## Problem requirements
Restate word for word the lines below, from the one containing "萨摩耶云科技集团已经连续三年" through the final line, with no pictures included.

(Supplied entries Opens)

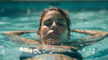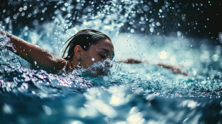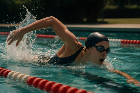 Female athlete swimming the crawl stroke in a pool under the bright sun, showcasing speed and power during intense training
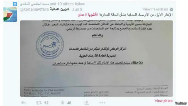 كما تداول مغردو السلطنة آخر الأنباء المتعلقة بالإعصار، وتبادلوا المنشورات التحذيرية التي أصدرها المركز الإقلمي.
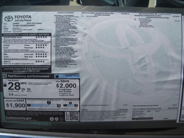 New 14 Camry XLE. This qualifies for the 0% for 72 or you get $1500 more rebate as of today. Not sure what the incentives will change to tomorrow. This one has power all, roof, bluetooth, climate control, alloy wheels, wood grain, and more. Please contact me with questions on options and the buy it now pricing. Randy at 405-227-6083 or send a email in. Thanks for looking!
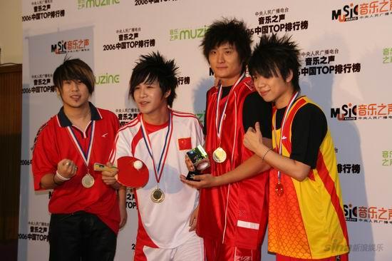 图文:花儿乐队搞怪出场 手捧奖杯挂“金牌”
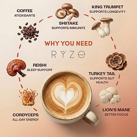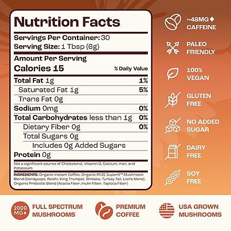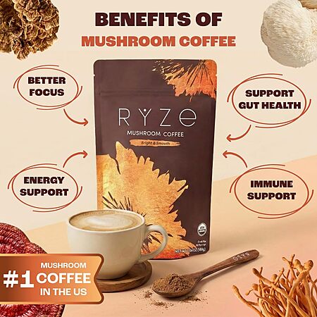 $38.24: RYZE SUPERFOODS Mushroom Medium Roast Coffee USDA Organic with 6 Adaptogenic Mushrooms, USA Grown Instant Coffee
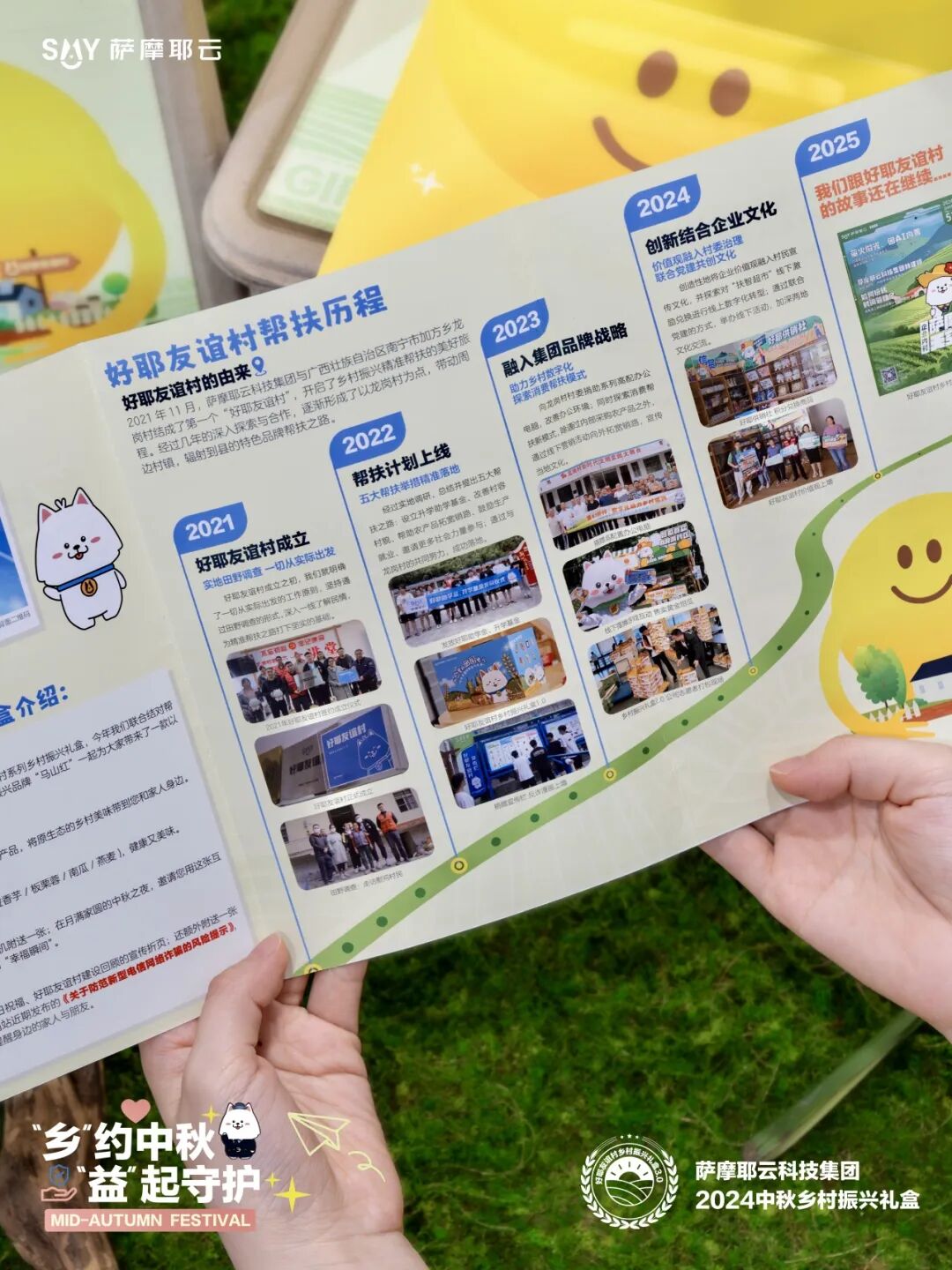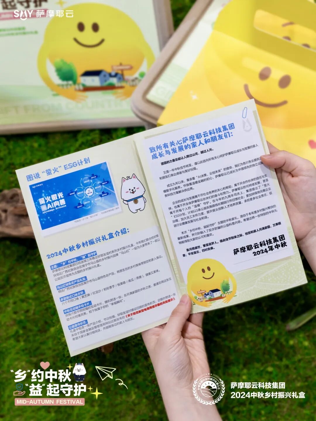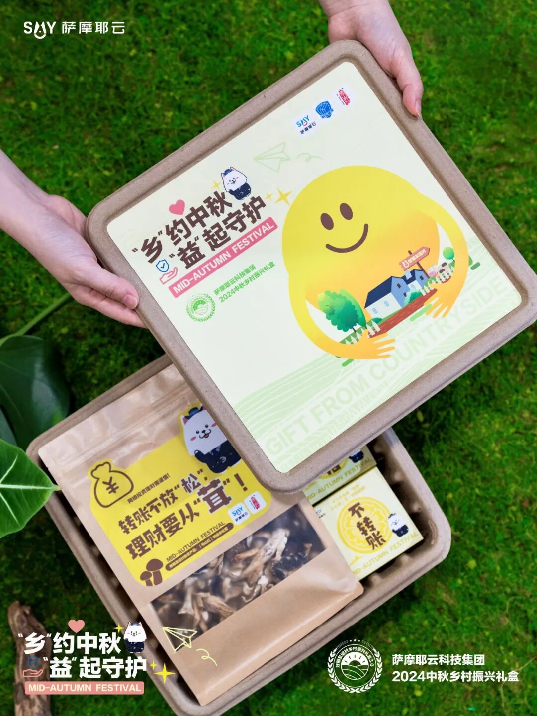 萨摩耶云科技集团已经连续三年推出好耶友谊村系列助农礼盒,今年更是将乡村振兴农产品与反诈防骗的公益宣传相结合,推出了一款公益反诈宣传为主题的乡村振兴中秋礼盒。
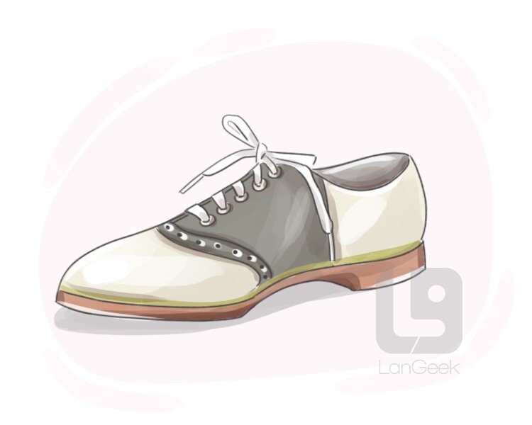 a casual shoe style featuring a white leather toe and contrasting color leather "saddle" extending over the arch of the foot
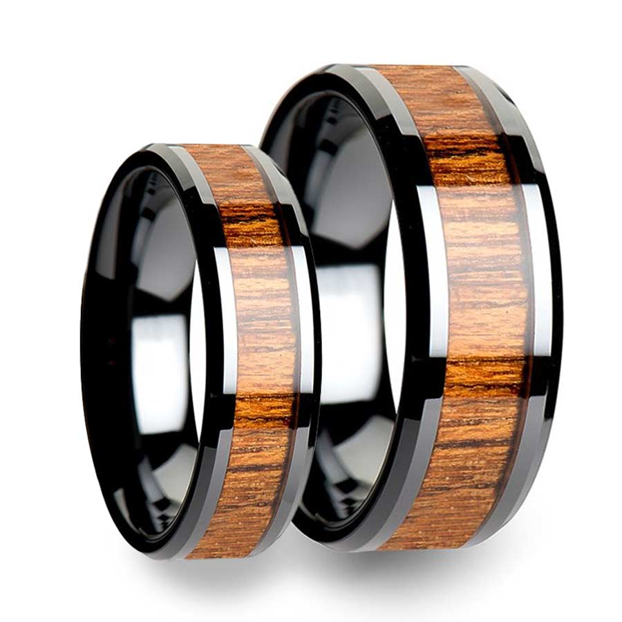 Teak Wood Inlaid Black Ceramic Couple's Matching Wedding Band Set
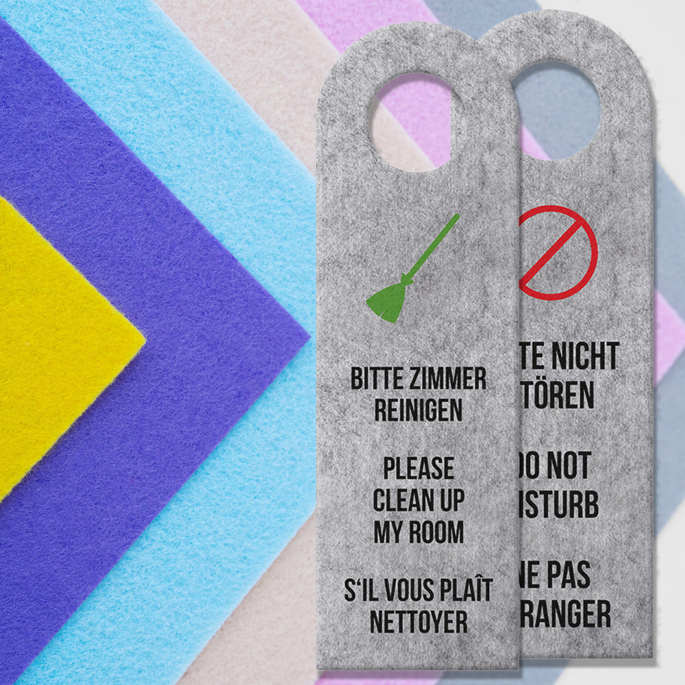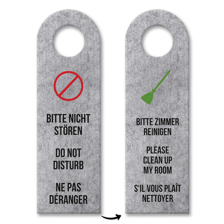 Je nach Seite kann man auf verschiedenen Sprachen sehen, ob der Gast sein Zimmer gereinigt haben möchte, oder nicht gestört werden will. Hinweise: Material: Filz / Größe ca. 8x27 cm / beidseitig bedruckt
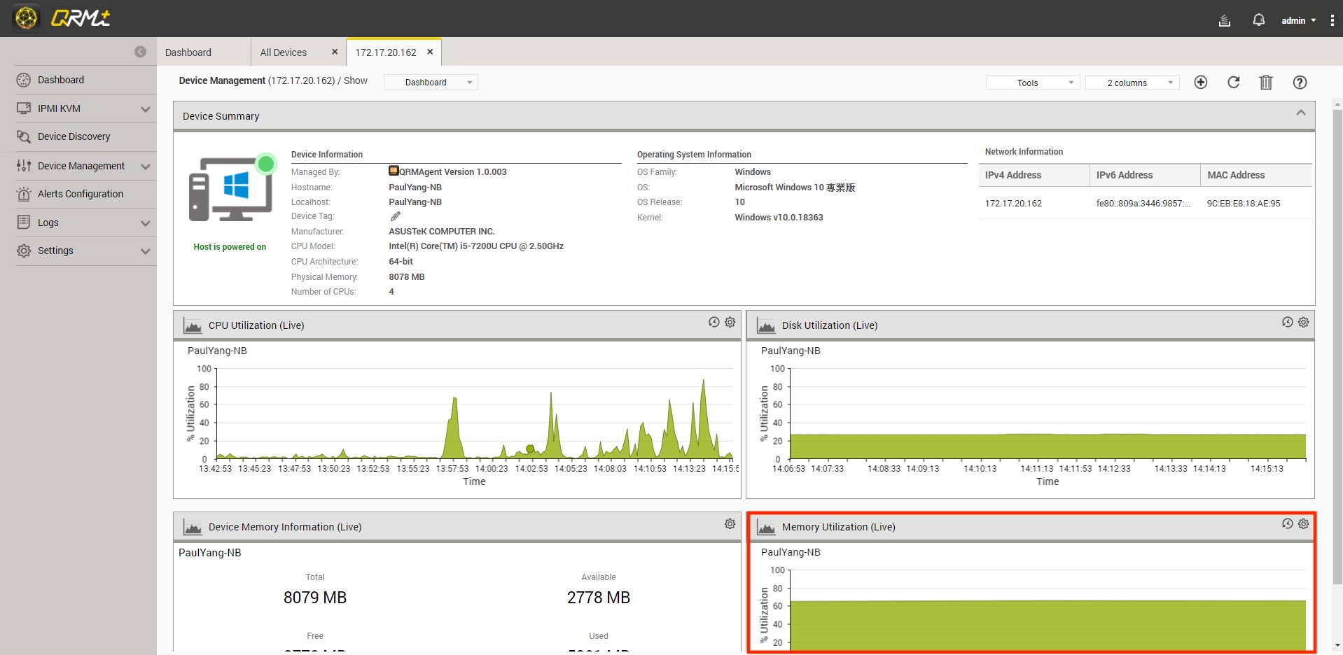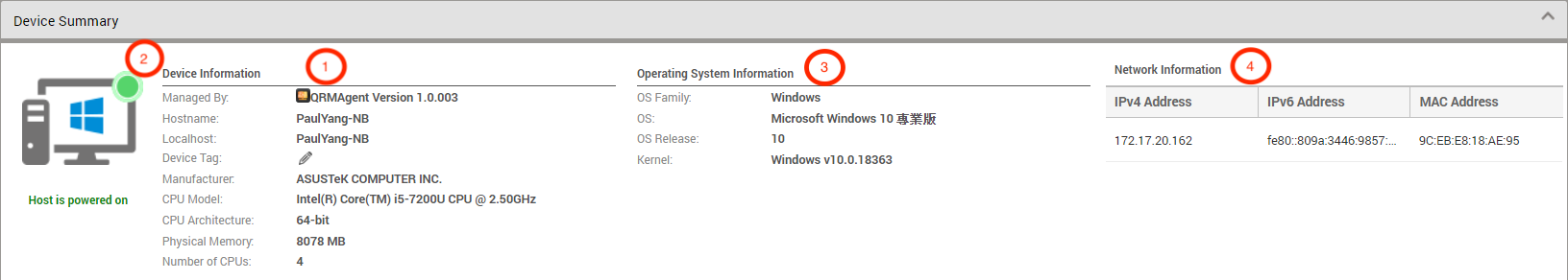 QRMAgent Single Device Dashboard provides detailed information about a specific managed device, including:
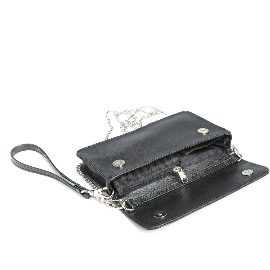 • Leather wristlet strap can easily transform this cross-body bag to a wristlet wallet

(Supplied entries Closes)

## Result for this exercise
 萨摩耶云科技集团已经连续三年推出好耶友谊村系列助农礼盒,今年更是将乡村振兴农产品与反诈防骗的公益宣传相结合,推出了一款公益反诈宣传为主题的乡村振兴中秋礼盒。
 a casual shoe style featuring a white leather toe and contrasting color leather "saddle" extending over the arch of the foot
 Teak Wood Inlaid Black Ceramic Couple's Matching Wedding Band Set
 Je nach Seite kann man auf verschiedenen Sprachen sehen, ob der Gast sein Zimmer gereinigt haben möchte, oder nicht gestört werden will. Hinweise: Material: Filz / Größe ca. 8x27 cm / beidseitig bedruckt
 QRMAgent Single Device Dashboard provides detailed information about a specific managed device, including:
 • Leather wristlet strap can easily transform this cross-body bag to a wristlet wallet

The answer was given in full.